2.1. Use of Retransmission Timers

All messages in IKE exist in pairs: a request and a response. The setup of an IKE SA normally consists of two exchanges. Once the IKE SA is set up, either end of the Security Association may initiate requests at any time, and there can be many requests and responses "in flight" at any given moment. But each message is labeled as either a request or a response, and for each exchange, one end of the Security Association is the initiator and the other is the responder.

For every pair of IKE messages, the initiator is responsible for retransmission in the event of a timeout. The responder MUST never retransmit a response unless it receives a retransmission of the request. In that event, the responder MUST ignore the retransmitted request except insofar as it causes a retransmission of the response. The initiator MUST remember each request until it receives the corresponding response. The responder MUST remember each response until it receives a request whose sequence number is larger than or equal to the sequence number in the response plus its window size (see Section 2.3). In order to allow saving memory, responders are allowed to forget the response after a timeout of several minutes. If the responder receives a retransmitted request for which it has already forgotten the response, it MUST ignore the request (and not, for example, attempt constructing a new response).

IKE is a reliable protocol: the initiator MUST retransmit a request until it either receives a corresponding response or deems the IKE SA to have failed.

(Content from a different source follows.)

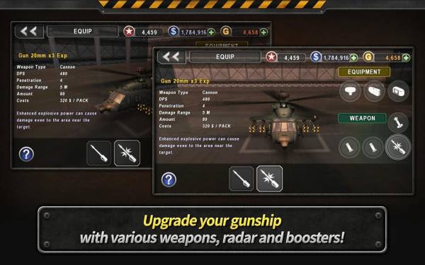 В мире как всегда, неспокойно, то тут, то там вспыхивают военные конфликты. Враг не дремлет, а наоборот пытается отхватить себе покрупней территорий и побольше ресурсов. Пилотам союзнических войск предстоит выполнить немало боевых задач по уничтожению сил противника, его техники и баз. Но профессионалов стало не хватать, и на смену им набирают зеленых новичков, ничего пока не понимающих в летном деле. С этого и начинается наша игра. Управление сперва представляется ничуть не проще, чем у настоящего вертолета. Изменение высоты, повороты и захват цели выполняются наклонами гаджета, причем по умолчанию с очень высокой чувствительностью. Советую сразу снизить её в настройках, хотя бы для начала. Из обычного управления доступно только «вперед» «назад», ускорение и управление оружием. Тап вдоль экрана - отклонение.

In the latter case, the initiator discards all state associated with the IKE SA and any Child SAs that were negotiated using that IKE SA. A retransmission from the initiator MUST be bitwise identical to the original request. That is, everything starting from the IKE header (the IKE SA initiator's SPI onwards) must be bitwise identical; items before it (such as the IP and UDP headers) do not have to be identical.

Retransmissions of the IKE_SA_INIT request require some special handling. When a responder receives an IKE_SA_INIT request, it has to determine whether the packet is a retransmission belonging to an existing "half-open" IKE SA (in which case the responder retransmits the same response), or a new request (in which case the responder creates a new IKE SA and sends a fresh response), or it belongs to an existing IKE SA where the IKE_AUTH request has been already received (in which case the responder ignores it).

It is not sufficient to use the initiator's SPI and/or IP address to differentiate between these three cases because two different peers behind a single NAT could choose the same initiator SPI. Instead, a robust responder will do the IKE SA lookup using the whole packet, its hash, or the Ni payload.

The retransmission policy for one-way messages is somewhat different from that for regular messages. Because no acknowledgement is ever sent, there is no reason to gratuitously retransmit one-way messages. Given that all these messages are errors, it makes sense to send them only once per "offending" packet, and only retransmit if further offending packets are received. Still, it also makes sense to limit retransmissions of such error messages.